Después de aquellas primeras experiencias y discurriendo en paralelo con las nuevas posibilidades comunicativas se asiste a una eclosión de movimientos que emplean nuevos servicios comunicativos dando muestra “de un cambio sustancial en las dinámicas dialécticas” (Guerrero; Jurado, 2012, p. 92). En 2009, otra plataforma de mensajes breves, Twitter, mostró su utilidad como medio y vía para organizar las movilizaciones tanto en las protestas moldavas contra el fraude electoral (Stack, 2009) como en la conocida ‘Revolución Verde’ desencadenada tras las elecciones iraníes dado que esta plataforma permitió superar las restricciones impuestas a otras formas de comunicación (Sullivan, 2009).

“The Protester, person of the year 2011”, con este titular la prestigiosa revista Time reconocía la trascendencia de la eclosión de las movilizaciones sociales que se habían ido sucediendo en los meses anteriores y que se registraron en distintas partes del mundo. La ‘Primavera árabe’ (en Oriente Medio y algunos puntos de África septentrional), el ’15-M’ en España y el movimiento ‘Occupy Wall Street’ en EEUU son eslabones destacados en esta concesión.

Se trata en cualquier caso de movimientos que responden a imaginarios, procesos y motivaciones diferentes que van desde iniciativas que reclaman el derecho a una vivienda digna, pasando por las que transmiten la insatisfacción contra un poder político o gobierno e incluso aquellas que se muestran críticas contra la globalización del sistema. Pero no todos estos fenómenos sociales surgen, evolucionan o generan efectos positivos (Cobo, 2006). Howard Rheingold, experto en comunidades virtuales, identifica peligros relacionados con la propia intencionalidad del movimiento y el riesgo de que este se convierta en turba, como ocurrió en Nigeria con los disturbios producidos contra el certamen de Miss Mundo en 2002 o los ataques racistas coordinados a través del SMS en 2005 en Australia (Gonzalo, 2008).
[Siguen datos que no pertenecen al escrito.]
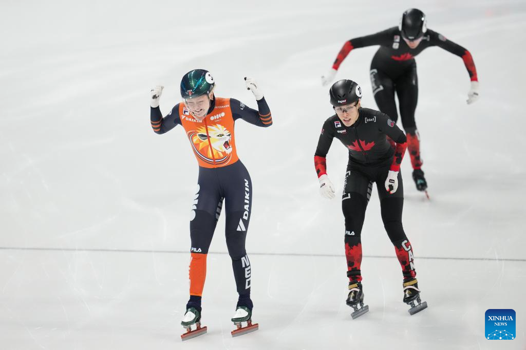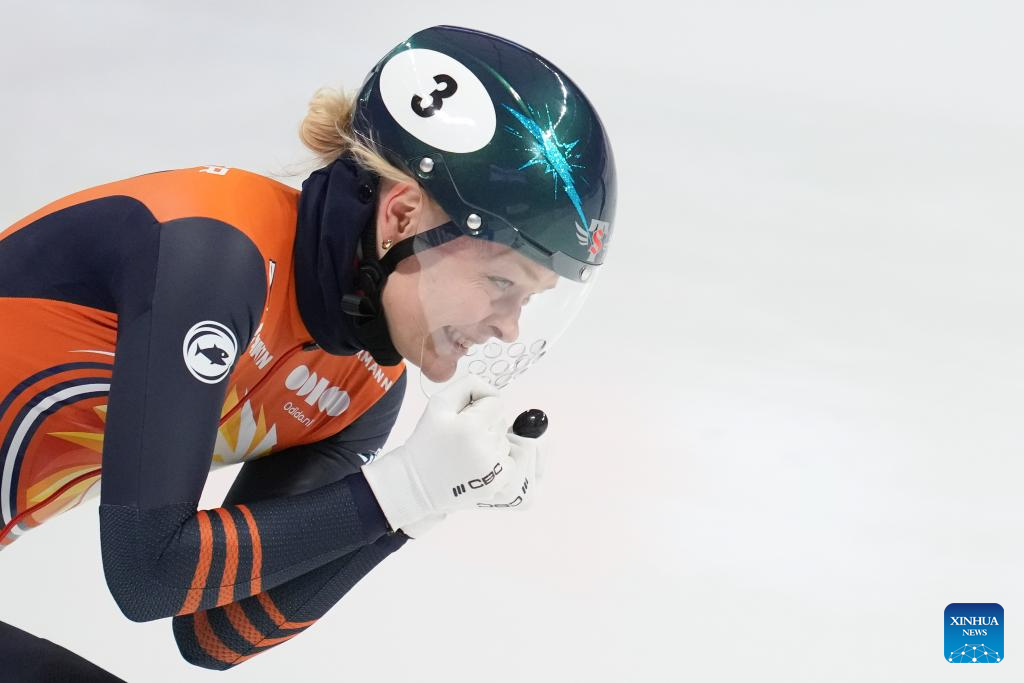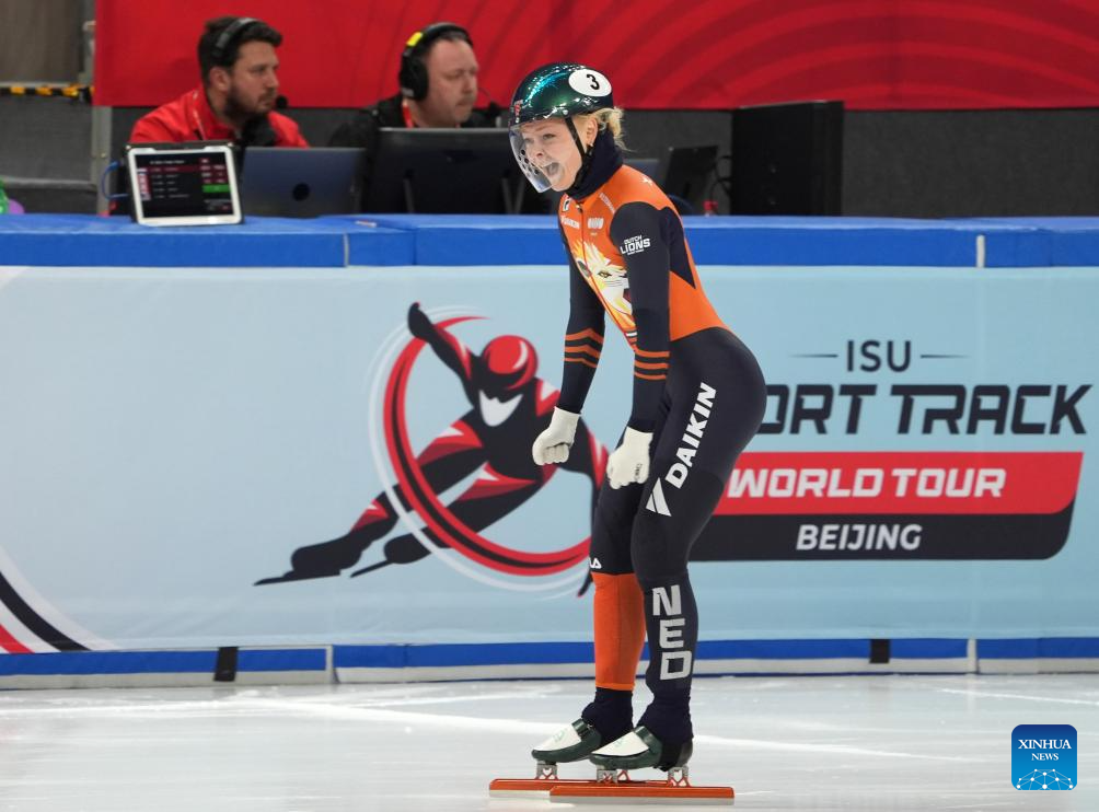 Xandra Velzeboer of the Netherlands celebrates after winning the women's 500m group A final at the ISU Short Track World Tour in Beijing, capital of China, on Dec. 8, 2024. (Xinhua/Ju Huanzong)

Pero en todos estos casos se encuentra como “nexo de unión el uso de las tecnologías y la presencia y la participación ciudadana” (Pérez, 2013, p. 1014) sin que ello suponga caer en el error de confundir la utilidad de estas herramientas “con la movilización misma” (López García, 2012, p. 12).

2 Las multitudes inteligentes y su presencia en espacios de comunicación digital
Las movilizaciones denominadas smart mobs o multitudes inteligentes, según el término acuñado por Reinghold (2004), se definen como:

“grupos de personas que emprenden movilizaciones colectivas –políticas, sociales, económicas– gracias a que un nuevo medio de comunicación posibilita otros medios de organización, y lo hacen a una escala novedosa (…) Según Reinghold (2004), un nuevo código y un nuevo canal comunicativo, junto con nuevos modos de utilización de los dos sistemas, suponen nuevas oportunidades” (Sanz-Martos, 2014).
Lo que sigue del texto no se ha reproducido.